INPUT ::
------------------------------
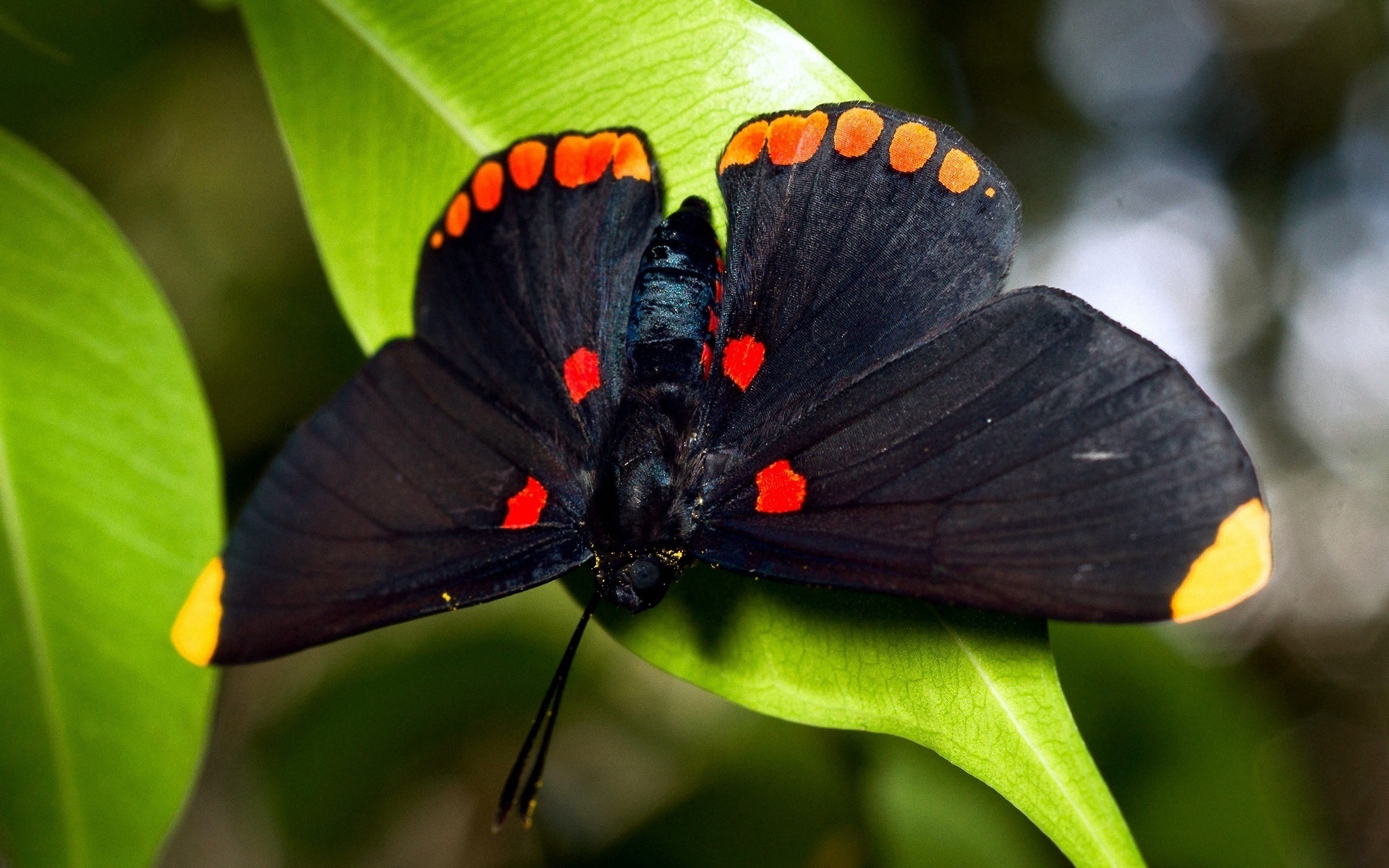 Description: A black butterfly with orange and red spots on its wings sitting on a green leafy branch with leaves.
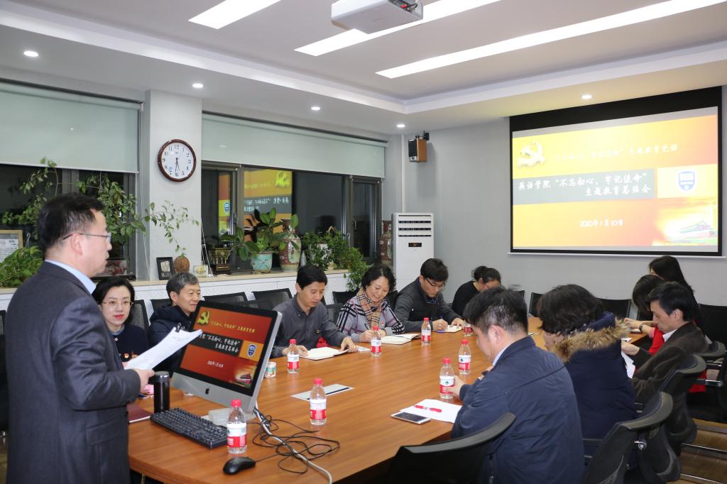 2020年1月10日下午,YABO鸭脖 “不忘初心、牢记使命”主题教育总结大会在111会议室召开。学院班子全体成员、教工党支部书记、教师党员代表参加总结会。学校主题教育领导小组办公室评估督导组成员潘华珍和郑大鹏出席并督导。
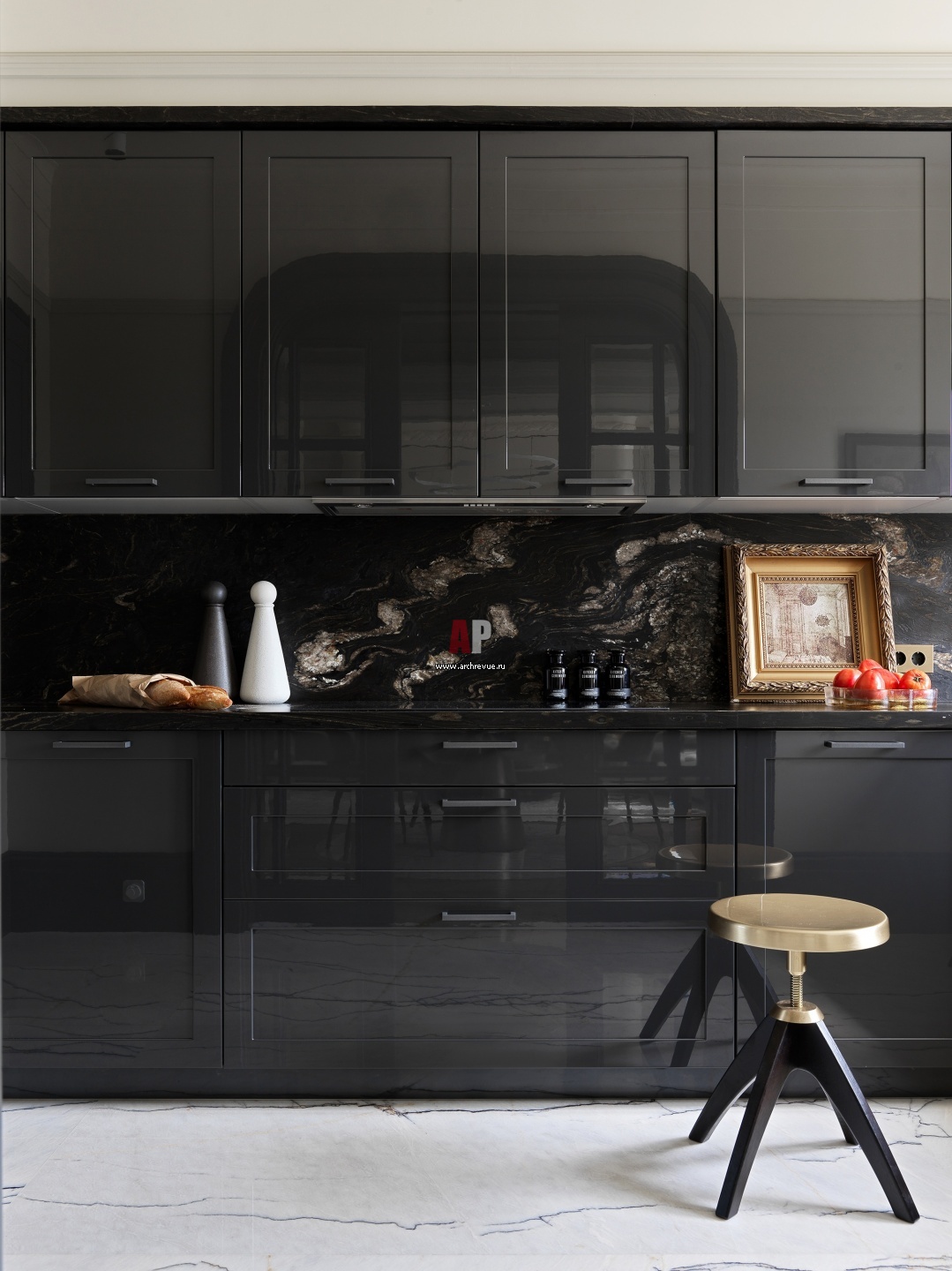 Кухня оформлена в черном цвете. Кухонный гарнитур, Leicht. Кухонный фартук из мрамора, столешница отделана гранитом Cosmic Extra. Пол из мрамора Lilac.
------------------------------
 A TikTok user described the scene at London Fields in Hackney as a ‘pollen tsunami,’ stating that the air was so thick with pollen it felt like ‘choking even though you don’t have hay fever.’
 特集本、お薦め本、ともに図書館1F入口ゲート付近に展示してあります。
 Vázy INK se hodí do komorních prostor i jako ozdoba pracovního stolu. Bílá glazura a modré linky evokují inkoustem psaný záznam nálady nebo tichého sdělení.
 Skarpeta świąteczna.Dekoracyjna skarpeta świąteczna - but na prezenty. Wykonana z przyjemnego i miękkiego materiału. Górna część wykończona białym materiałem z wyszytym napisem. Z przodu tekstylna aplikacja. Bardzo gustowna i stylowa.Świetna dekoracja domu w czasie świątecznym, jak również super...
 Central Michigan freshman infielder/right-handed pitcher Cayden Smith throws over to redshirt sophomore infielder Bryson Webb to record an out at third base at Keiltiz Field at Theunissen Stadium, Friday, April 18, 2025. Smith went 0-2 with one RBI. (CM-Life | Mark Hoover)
------------------------------
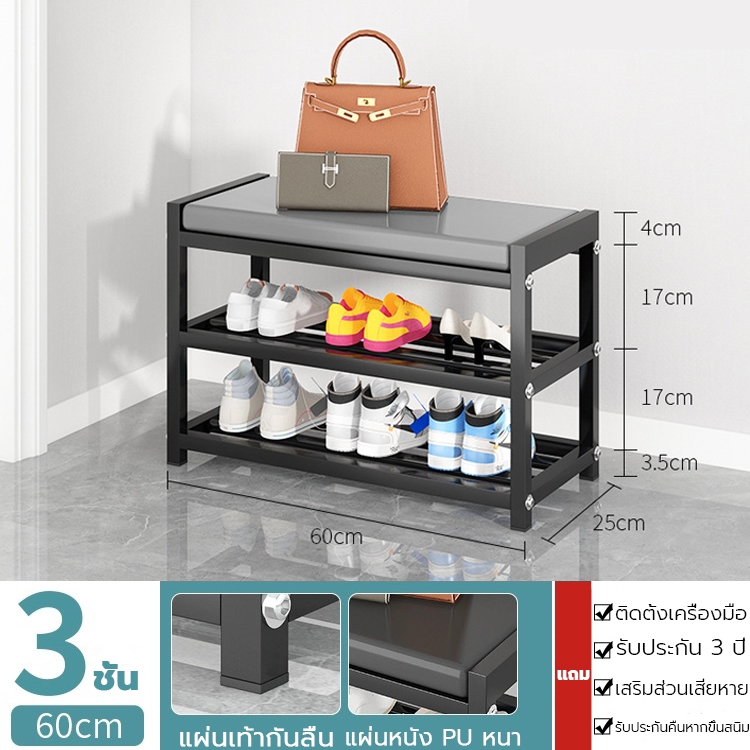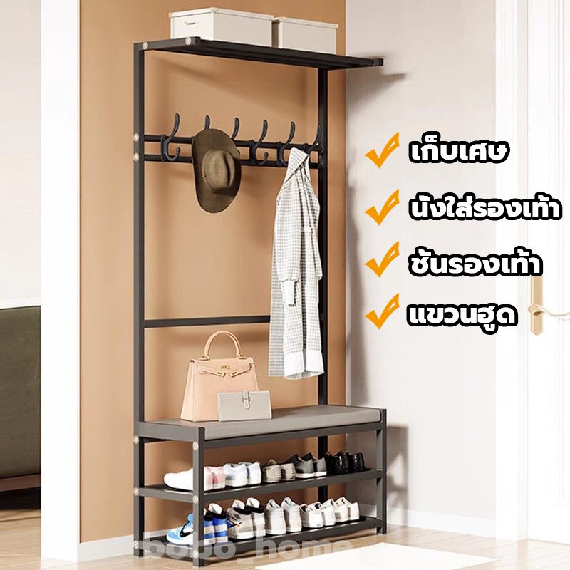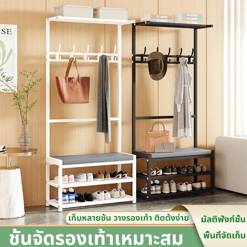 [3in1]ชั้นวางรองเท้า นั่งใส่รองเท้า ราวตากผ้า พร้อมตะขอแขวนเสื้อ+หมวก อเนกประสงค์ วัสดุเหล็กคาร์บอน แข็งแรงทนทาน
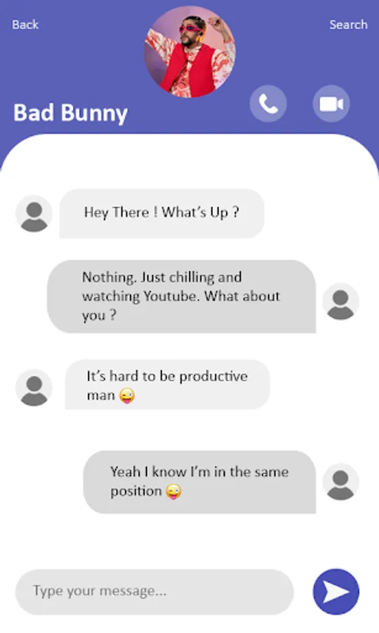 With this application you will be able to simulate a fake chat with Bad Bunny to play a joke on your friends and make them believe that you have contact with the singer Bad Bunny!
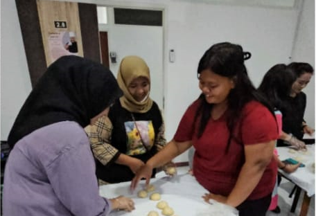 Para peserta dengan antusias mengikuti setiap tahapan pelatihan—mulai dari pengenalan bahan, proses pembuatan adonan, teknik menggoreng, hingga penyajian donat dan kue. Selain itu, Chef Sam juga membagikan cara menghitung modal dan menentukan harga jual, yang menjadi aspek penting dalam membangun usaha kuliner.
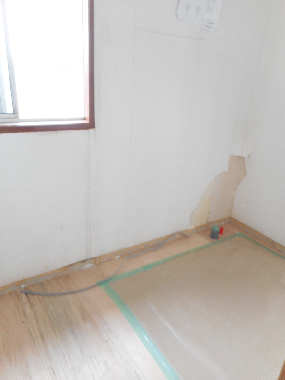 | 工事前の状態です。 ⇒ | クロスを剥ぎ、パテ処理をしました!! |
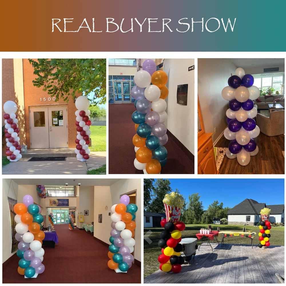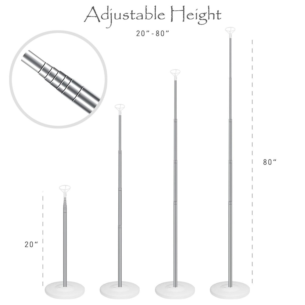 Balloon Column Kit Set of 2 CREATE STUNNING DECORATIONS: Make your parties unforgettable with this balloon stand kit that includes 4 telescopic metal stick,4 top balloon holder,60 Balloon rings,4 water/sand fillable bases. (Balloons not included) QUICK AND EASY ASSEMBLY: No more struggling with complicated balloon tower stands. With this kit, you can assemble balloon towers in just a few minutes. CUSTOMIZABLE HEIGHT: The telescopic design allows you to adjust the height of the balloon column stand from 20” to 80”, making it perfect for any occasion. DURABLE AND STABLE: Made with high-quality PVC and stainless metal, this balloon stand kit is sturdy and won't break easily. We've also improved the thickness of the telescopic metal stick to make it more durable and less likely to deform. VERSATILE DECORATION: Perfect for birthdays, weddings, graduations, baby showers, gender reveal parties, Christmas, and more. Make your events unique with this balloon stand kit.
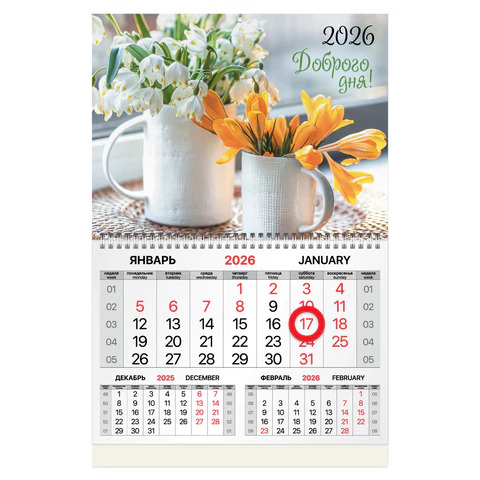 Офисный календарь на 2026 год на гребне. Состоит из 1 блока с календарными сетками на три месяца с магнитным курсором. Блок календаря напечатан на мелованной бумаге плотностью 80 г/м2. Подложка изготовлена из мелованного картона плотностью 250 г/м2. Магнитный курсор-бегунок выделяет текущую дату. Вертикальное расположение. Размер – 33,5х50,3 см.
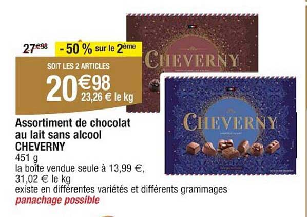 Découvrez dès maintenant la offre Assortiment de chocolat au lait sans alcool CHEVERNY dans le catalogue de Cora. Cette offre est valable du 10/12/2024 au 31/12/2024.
------------------------------
TASK ::
Within the listing above, copy exactly the lines that start at the one with "工事前の状態です。 ⇒ | クロスを剥ぎ、パテ処理をしました!! |" and continue through the one with "Découvrez dès maintenant". Omit pictures.

YOUR SOLUTION ::
 | 工事前の状態です。 ⇒ | クロスを剥ぎ、パテ処理をしました!! |
 Balloon Column Kit Set of 2 CREATE STUNNING DECORATIONS: Make your parties unforgettable with this balloon stand kit that includes 4 telescopic metal stick,4 top balloon holder,60 Balloon rings,4 water/sand fillable bases. (Balloons not included) QUICK AND EASY ASSEMBLY: No more struggling with complicated balloon tower stands. With this kit, you can assemble balloon towers in just a few minutes. CUSTOMIZABLE HEIGHT: The telescopic design allows you to adjust the height of the balloon column stand from 20” to 80”, making it perfect for any occasion. DURABLE AND STABLE: Made with high-quality PVC and stainless metal, this balloon stand kit is sturdy and won't break easily. We've also improved the thickness of the telescopic metal stick to make it more durable and less likely to deform. VERSATILE DECORATION: Perfect for birthdays, weddings, graduations, baby showers, gender reveal parties, Christmas, and more. Make your events unique with this balloon stand kit.
 Офисный календарь на 2026 год на гребне. Состоит из 1 блока с календарными сетками на три месяца с магнитным курсором. Блок календаря напечатан на мелованной бумаге плотностью 80 г/м2. Подложка изготовлена из мелованного картона плотностью 250 г/м2. Магнитный курсор-бегунок выделяет текущую дату. Вертикальное расположение. Размер – 33,5х50,3 см.
 Découvrez dès maintenant la offre Assortiment de chocolat au lait sans alcool CHEVERNY dans le catalogue de Cora. Cette offre est valable du 10/12/2024 au 31/12/2024.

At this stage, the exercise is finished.